Thursday, December 31, 2009

Doggie Tales...

Yesterday morning I was running around the house unpacking things and putting stuff away, when I turned around and saw Franklin dreaming about his farm dog days. From October until last week, Franklin had been able to go outside whenever he wanted and run on a nine acre farm with two other farm dogs and a farm cat.  He was in heaven as he bounded up the hills with his ears flapping in the wind and his nose in the air smelling all of the new and different smells. The snow didn't hurt his enthusiasm for country living either.



When I saw him staring out the window yesterday, I know he was wanting someone to let him out so he could freely run, smell and pee on everything he could find. I know adjusting to city life again will take some time for him, so in the mean time my goal is to take him to the dog park more often and to take him on more walks. I think this is the least I can do since he has been such a trooper over the hardest months of our lives.



During our most trying times, he was a protector, a comforter, a snuggler, an entertainer, and just a really great dog. So here is to more walks and more trips to the dog park in 2010. I hope everyone has a great New Year and has someone, even if it's a dog, who is all of these things to you.  Happy New Year!

Tuesday, December 29, 2009

Putting life back together

Two days ago, I walked into my home for the first time in almost 11 weeks. As I drove through my neighborhood I was amazed how surreal everything looked. I had thought about this moment for weeks and wondered how I would feel as I walked back into my life. Physically speaking very little had changed in our neighborhood. But, as I sat in my car in the garage I teared up. I was thankful to be home but also nervous about what the future holds.

As I sat there, I thought about how much my husband and I have both grown and matured. Really, I think even our dog has matured.

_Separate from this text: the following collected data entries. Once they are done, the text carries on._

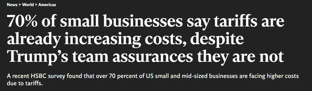美國超七成中小企業坦言關税已致成本攀升:未來無法預見,進退兩難_風聞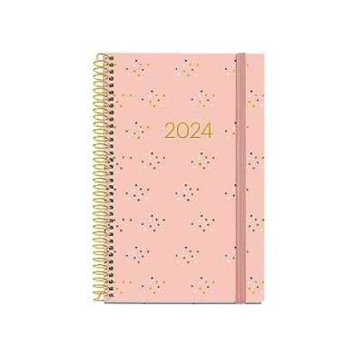 Miquelrius Annual Diary 2024, Week to View, Active Size 117 x 182 mm, Hard Cover, Spiral Binding, Elastic Closure, Catalan, English and Portuguese, Minidots with Gold Stamping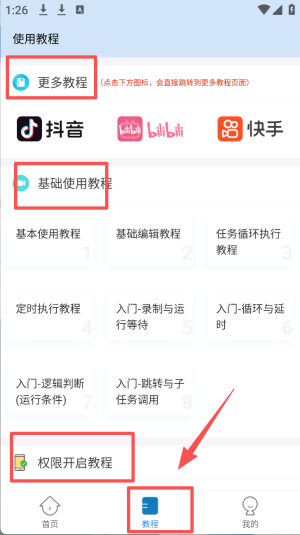 4、在教程页面,选择“更多教程”或“权限开启教程”进行学习。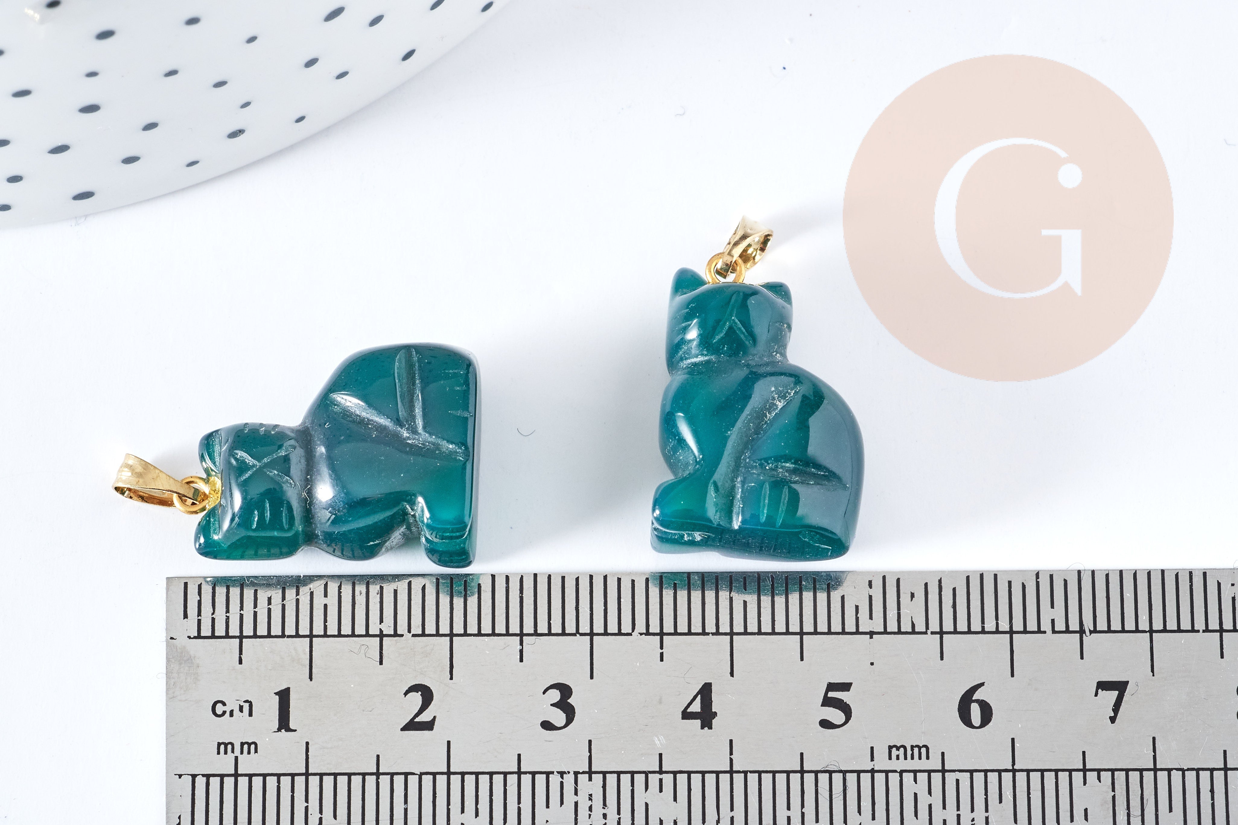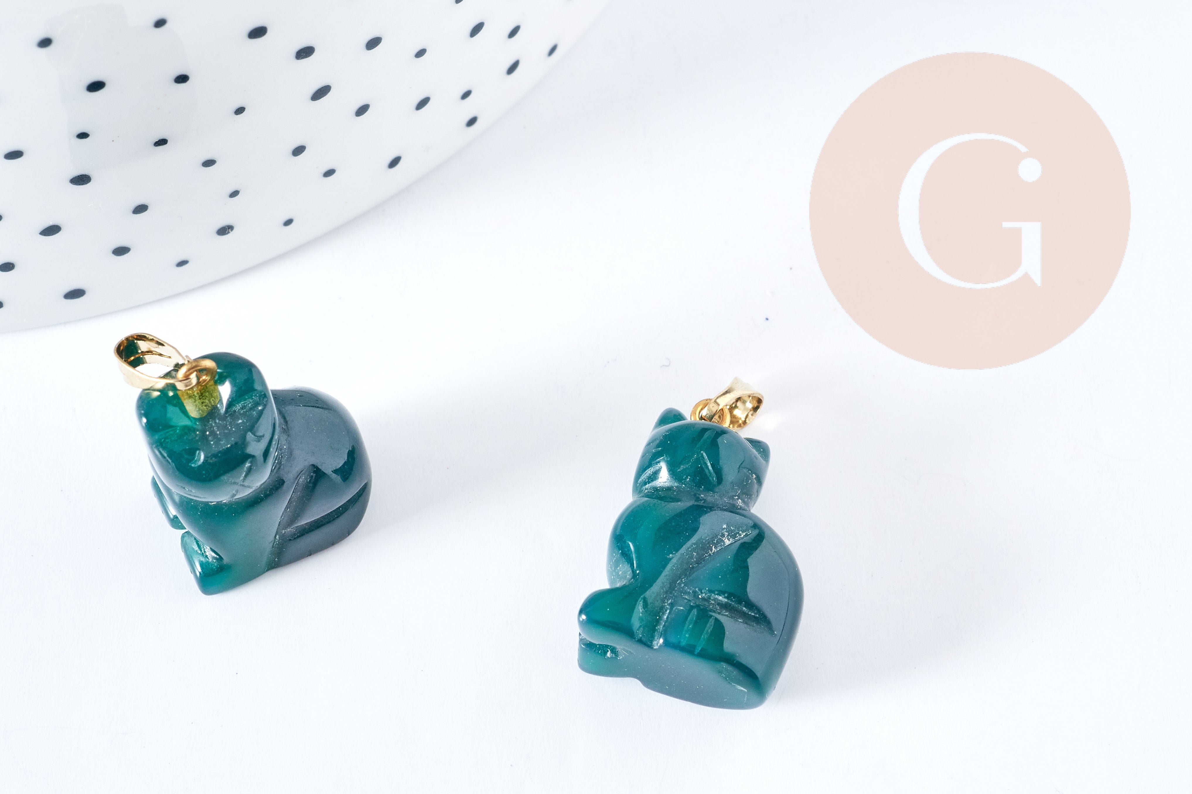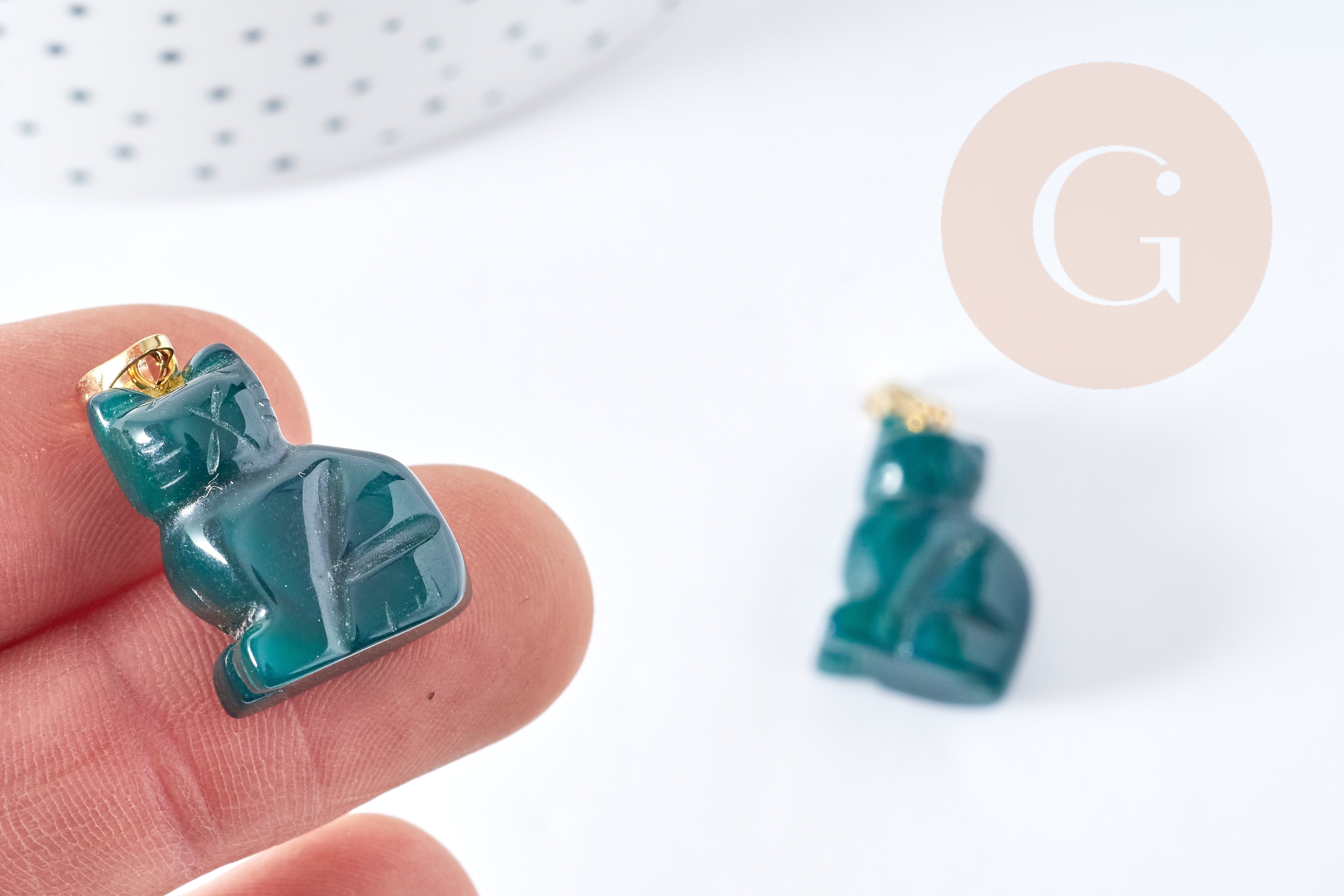 Colgante gato sentado ágata verde natural soporte dorado 23mm, creación de joyería colgante de piedra, x1, G8637

He went from a city dog to a farm dog. Although I know he loved being a farm dog, he reverted back to his city dog roots and come inside when it got cold or rainy or was anything less than abundantly sunny.











Going back to human growth in unfortunate circumstances...my husband and I don't have kids, and besides our super-fantastic dog, we haven't really had anything to take care so when it became apparent that we were going to be the main care takers for my husband's mom as she struggled with and eventually succumbed to lung cancer it forced us both to grow up. It forced us to really put other people first and be more patient and understanding people. For me, this experience has made me a more empathetic and compassionate person and with the new year coming up my goal is to continue these traits.

I would also like to remember everyday to be thankful. Not everyday will be perfect and in fact, some will be downright hard but there is always something to be thankful for.

Wednesday, December 23, 2009

Thankful for...

Happiness is the only good. The time to be happy is now. The place to be happy is here. The way to be happy is to make others so. 

-Robert Green Ingersoll

It's been a while since I've posted and a lot has changed in my life. My family and I have lost an important member of our family, a main pillar really. And while we are still searching for meaning in all of this and trying to develop a new sense of normal, it's also still  important for all of us to remember what we are thankful for. Today, I am thankful for family. 

My husband and I have a great family who has pulled together to help us care for his Mom while she was battling Stage 4 metastatic lung cancer. With the help of hospice we were able to care for her at home and make her as comfortable as possible, but that didn't make the situation easier.  Since my mother-in-law passed away our family has remained strong and supportive of one another. 

As we prepare to travel home after the holidays, the memories I hope take with me from the past few months is how our families have supported us and when we were weak they were strong and vice versa. I also hope that we always remember that although this has been a difficult time, we are blessed to have one another.